All around the course, the trees have been 'lifted,' meaning the lower branches have been removed. This gives golfers a better view of the course, allows the groundskeepers to easily maneuver mowers around the trees and also saves on countless strokes that were lost when a ball landed in the branches at the base of a tree. Now a golfer can find a ball under a tree without even looking hard.

Business is good

A full parking lot is always a good thing, and Rivers notes that on most days, Indian Mound's lot is pretty full and that business has been steady, despite the downward turn in the economy that has taken its toll on many courses.

Rivers notes that when he purchased the club five years ago, membership stood at just over 200 and the number has been steady at around 300 for the last few years. Corporate outings have also been steady.

The club has a junior program and runs men's leagues and ladies' leagues throughout the week and there is a night league that meets Wednesdays through Fridays.

"I definitely encourage people to call," Rivers said. "They don't have to play every week."

The club runs specials throughout the day as well.

"Whether you want to play at 6 in the morning or six at night, we have something that fits your need," Rivers said. He also pointed out, that although Indian Mound is an 18-hole course, golfers are allowed to play just nine holes if they so desire.

"Ten years ago, it was so busy that the industry forgot what people needed," Rivers said. "Our philosophy has always been to give people what they need and they'll come back."

On staff

Freddy Torres is the club's teaching pro and has been instrumental in running the junior program and giving lessons.

Reid Garvin is the superintendent of grounds and has taken care of the many projects that Rivers has instituted over the years and the course has earned the praise of the previous owners, who Rivers said noted it was in the "best condition he's ever seen."

"That has to do with our maintenance program and our fertilizing programs," Rivers said.

Last year the club was open until Dec. 1 and this year it opened on April 7, the earliest opening in club history, which dates back to 1968.

Wayne Grenier, who ran Province Lake Golf in Parsonsfield, Maine for the past eight years, has recently come on board as Rivers' 'right hand man' in the day-to-day operations of the club and the customer service side of things.

"He's well-known to the area for his hard work and dedication to golf," Rivers said.
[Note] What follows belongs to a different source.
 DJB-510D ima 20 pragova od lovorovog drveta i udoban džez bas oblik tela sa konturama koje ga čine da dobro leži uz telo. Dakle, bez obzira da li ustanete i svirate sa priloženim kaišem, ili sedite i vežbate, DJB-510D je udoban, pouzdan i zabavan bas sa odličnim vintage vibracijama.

The club employees upwards of 30 people.

The course

The Indian Mound Golf Course has an even split of six "easy" holes, six "medium" holes and six "tough" holes, offering a little of everything for all kinds of golfers.
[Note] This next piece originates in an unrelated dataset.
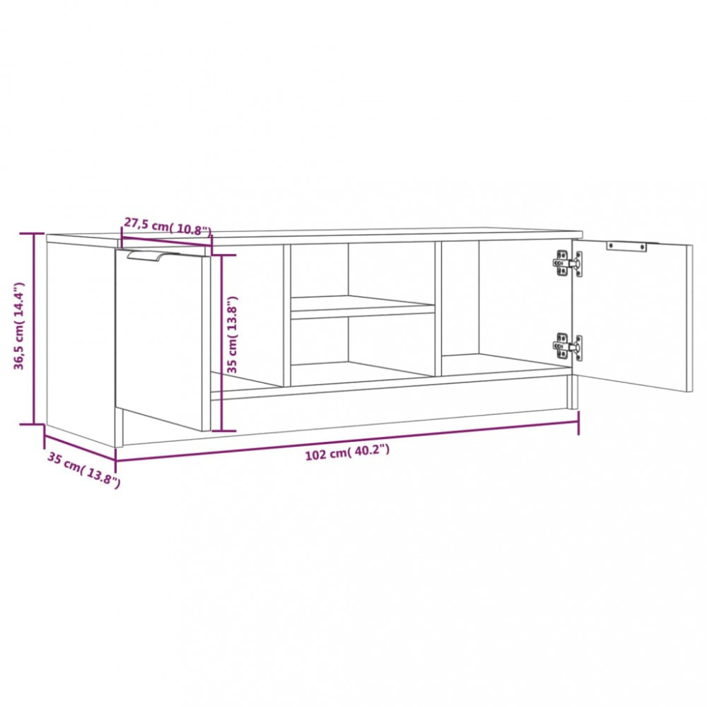 Ez a trendi TV-szekrény letisztult és stílusos kialakítású, így dekoratív és praktikus kiegészítője lesz szobája berendezésének. Prémium minőségű anyag: A szerelt fa kivételes minőségű, sima felületű, szilárd, stabil és ellenáll a nedvességnek.Bőséges tárolóhely: A TV-egység 2 zárt rekesszel és 2 nyitott rekesszel rendelkezik. A tárolóhely megkönnyíti holmija rendezett tárolását.Bemutatófunkció: A masszív lap ideális dísztárgyak, képkeretek és cserepes növények elhelyezésére.

The original nine holes are one through three, seven through 10 and 17 and 18, while holes four through six and 11 through 16 are the newer holes.
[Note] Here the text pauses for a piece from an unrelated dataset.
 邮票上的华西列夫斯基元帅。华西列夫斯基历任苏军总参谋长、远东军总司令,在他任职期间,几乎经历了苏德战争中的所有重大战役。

"We tried to blend the old nine with the new nine so it flows well," Rivers said. "It's something we've worked hard at."

The course is 5,600 yards and includes five par three holes. Most golf courses run about 6,000 yards and have four par three holes.

About 20,000 people flow through the course each year and Rivers notes that he really feels like the golf course is part of the community.

The club hosts numerous charity and fundraising events each year, with the Greater Ossipee Area Chamber of Commerce tournament coming up on Aug. 27, glow-in-the-dark golf coming on Sept. 4 to benefit Kingswood sports and the Kennett High School hockey team's annual tournament set for Sept. 26.

The pro shop now features some top line companies offering demos and a good selection of golf products.

The club's restaurant, which Rivers renamed Rivers' Edge Tavern when he and his wife bought the club, is open seven days a week and serves breakfast, lunch and dinner and is open 12 months a year. There is also entertainment offered Thursday, Friday and Saturday nights.

With continuing improvements and a strong dedication to customer service, Rivers intends on keeping Indian Mound ticking along nicely as he enters the latter part of his first decade as owner.